## Activity
For this task, output exactly the lines of the material below starting at the line with "保証付き 保証内容(---) 6ヶ月または(5)千kmまで |" and ending at the line with "Kumasinova Oval Glass"; pictures are to be excluded.

## Dataset excerpts
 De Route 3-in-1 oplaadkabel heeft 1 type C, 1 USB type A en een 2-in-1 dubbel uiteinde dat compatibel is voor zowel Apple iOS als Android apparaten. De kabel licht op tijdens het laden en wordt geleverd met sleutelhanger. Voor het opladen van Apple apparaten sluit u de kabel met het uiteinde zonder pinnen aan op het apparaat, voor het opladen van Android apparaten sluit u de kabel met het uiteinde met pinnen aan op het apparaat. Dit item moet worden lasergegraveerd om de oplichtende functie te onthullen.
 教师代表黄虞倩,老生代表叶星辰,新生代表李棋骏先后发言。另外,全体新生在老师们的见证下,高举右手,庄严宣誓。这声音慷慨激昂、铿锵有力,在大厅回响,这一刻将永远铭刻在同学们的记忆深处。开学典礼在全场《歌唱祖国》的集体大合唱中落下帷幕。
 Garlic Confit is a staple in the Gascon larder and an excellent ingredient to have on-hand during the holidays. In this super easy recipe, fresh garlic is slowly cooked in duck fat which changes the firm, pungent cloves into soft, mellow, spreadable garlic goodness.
---
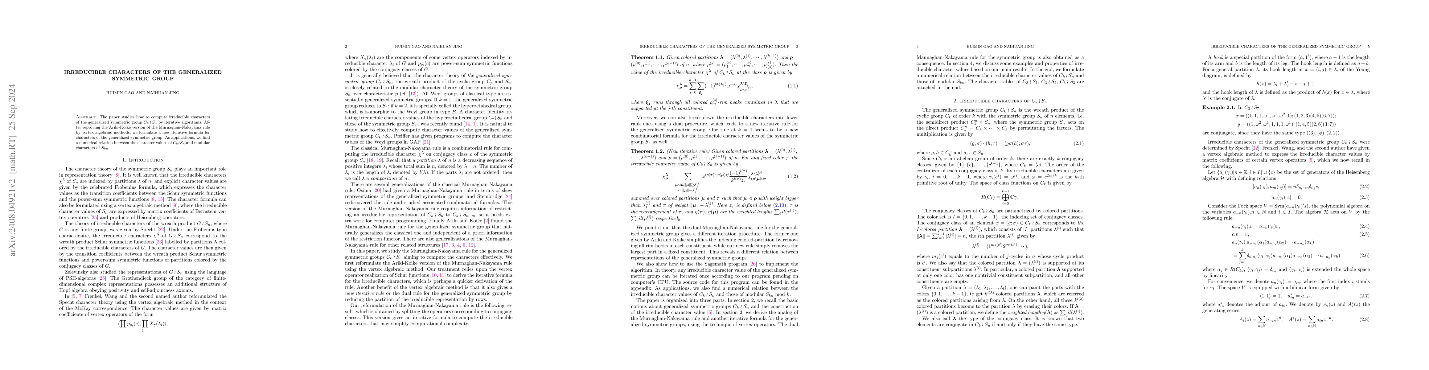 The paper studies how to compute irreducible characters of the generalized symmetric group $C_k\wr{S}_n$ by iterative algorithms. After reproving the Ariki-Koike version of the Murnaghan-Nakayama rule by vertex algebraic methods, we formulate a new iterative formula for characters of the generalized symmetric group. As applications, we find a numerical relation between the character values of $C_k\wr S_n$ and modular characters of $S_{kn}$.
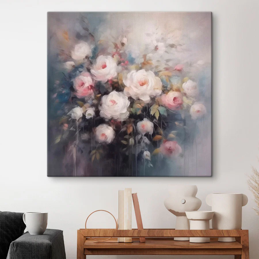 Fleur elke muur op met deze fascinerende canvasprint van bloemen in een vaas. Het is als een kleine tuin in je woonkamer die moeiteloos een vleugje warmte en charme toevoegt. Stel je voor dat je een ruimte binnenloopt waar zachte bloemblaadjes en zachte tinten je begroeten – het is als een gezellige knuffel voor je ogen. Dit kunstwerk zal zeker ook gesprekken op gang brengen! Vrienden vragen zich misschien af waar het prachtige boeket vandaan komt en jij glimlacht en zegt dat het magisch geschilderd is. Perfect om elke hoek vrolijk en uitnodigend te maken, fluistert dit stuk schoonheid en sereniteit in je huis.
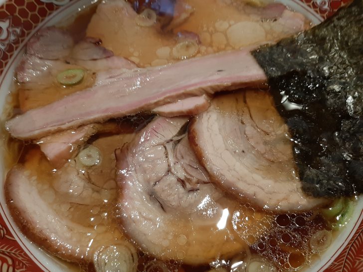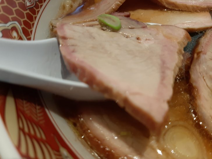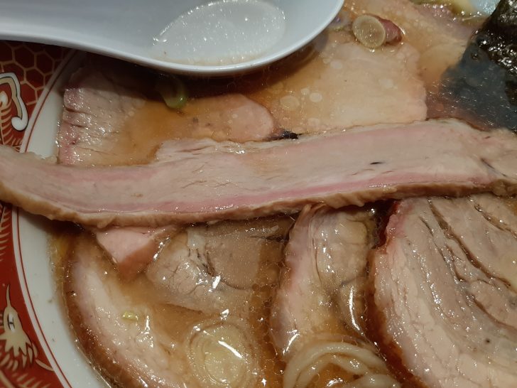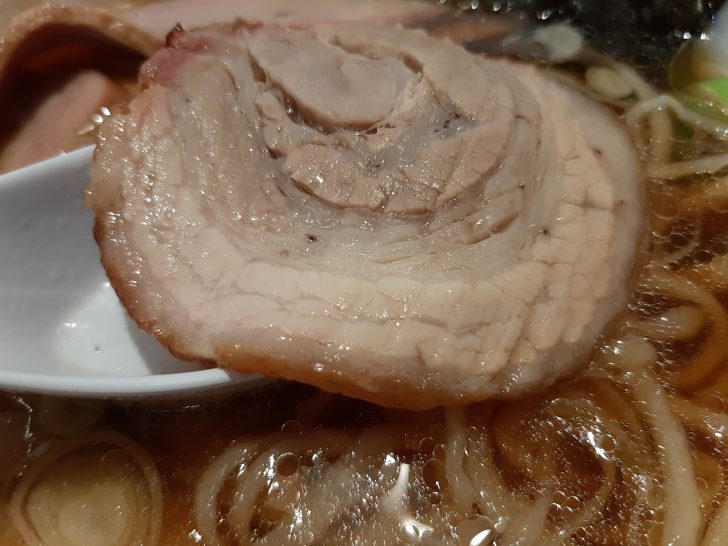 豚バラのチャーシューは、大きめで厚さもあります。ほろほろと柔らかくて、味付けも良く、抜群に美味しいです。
--
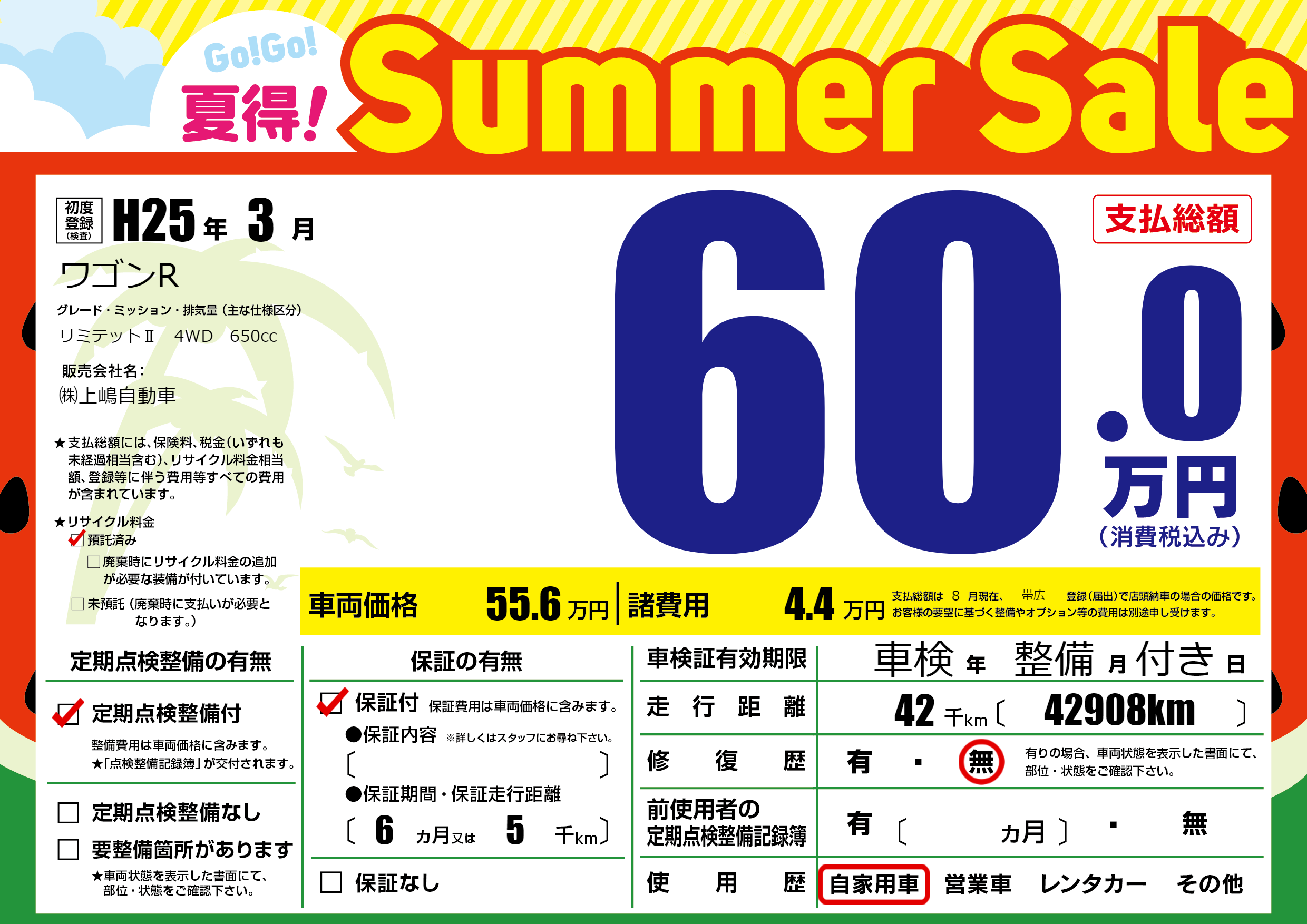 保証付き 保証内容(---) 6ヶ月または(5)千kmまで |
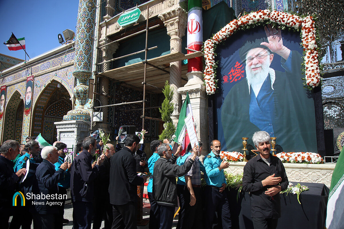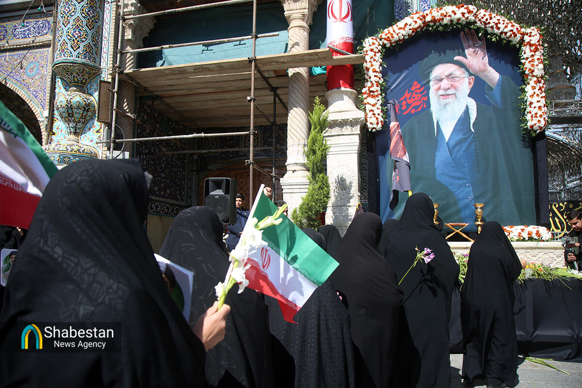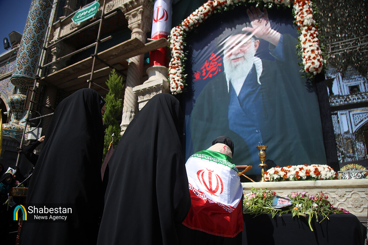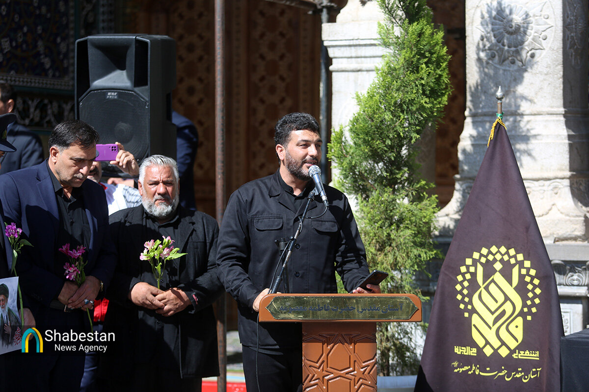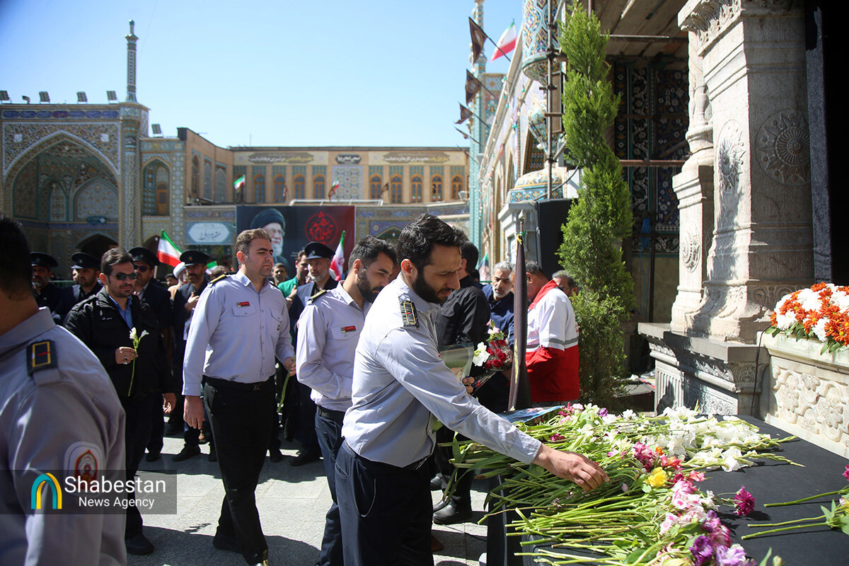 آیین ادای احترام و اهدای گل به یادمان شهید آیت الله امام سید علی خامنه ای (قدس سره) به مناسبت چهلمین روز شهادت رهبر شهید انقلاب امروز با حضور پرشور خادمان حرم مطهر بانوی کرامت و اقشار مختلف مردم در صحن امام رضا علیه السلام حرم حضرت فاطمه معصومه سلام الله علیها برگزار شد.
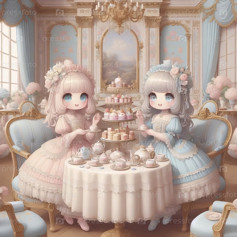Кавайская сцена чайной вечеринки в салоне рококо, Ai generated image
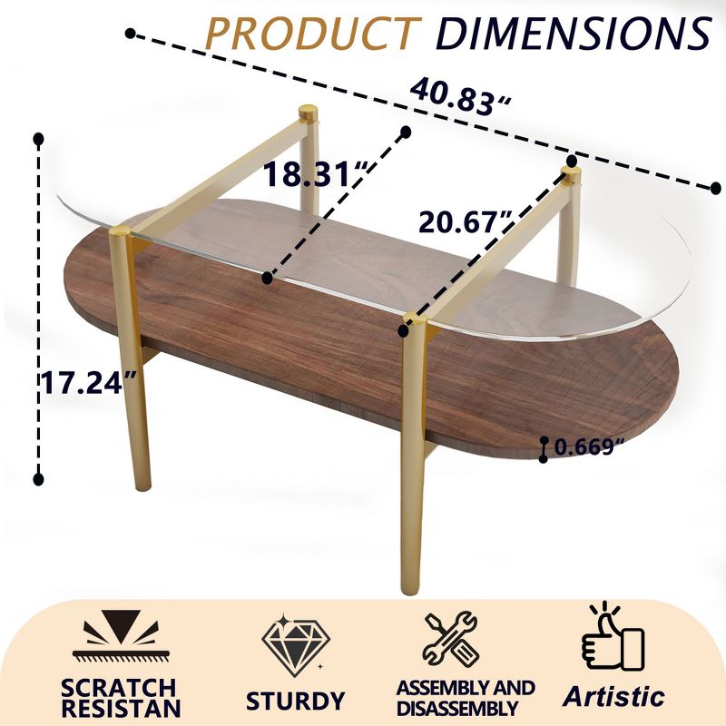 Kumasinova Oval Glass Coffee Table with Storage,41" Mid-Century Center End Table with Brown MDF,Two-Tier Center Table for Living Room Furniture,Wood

## Exercise answer
 保証付き 保証内容(---) 6ヶ月または(5)千kmまで |
 آیین ادای احترام و اهدای گل به یادمان شهید آیت الله امام سید علی خامنه ای (قدس سره) به مناسبت چهلمین روز شهادت رهبر شهید انقلاب امروز با حضور پرشور خادمان حرم مطهر بانوی کرامت و اقشار مختلف مردم در صحن امام رضا علیه السلام حرم حضرت فاطمه معصومه سلام الله علیها برگزار شد.
Кавайская сцена чайной вечеринки в салоне рококо, Ai generated image
 Kumasinova Oval Glass Coffee Table with Storage,41" Mid-Century Center End Table with Brown MDF,Two-Tier Center Table for Living Room Furniture,Wood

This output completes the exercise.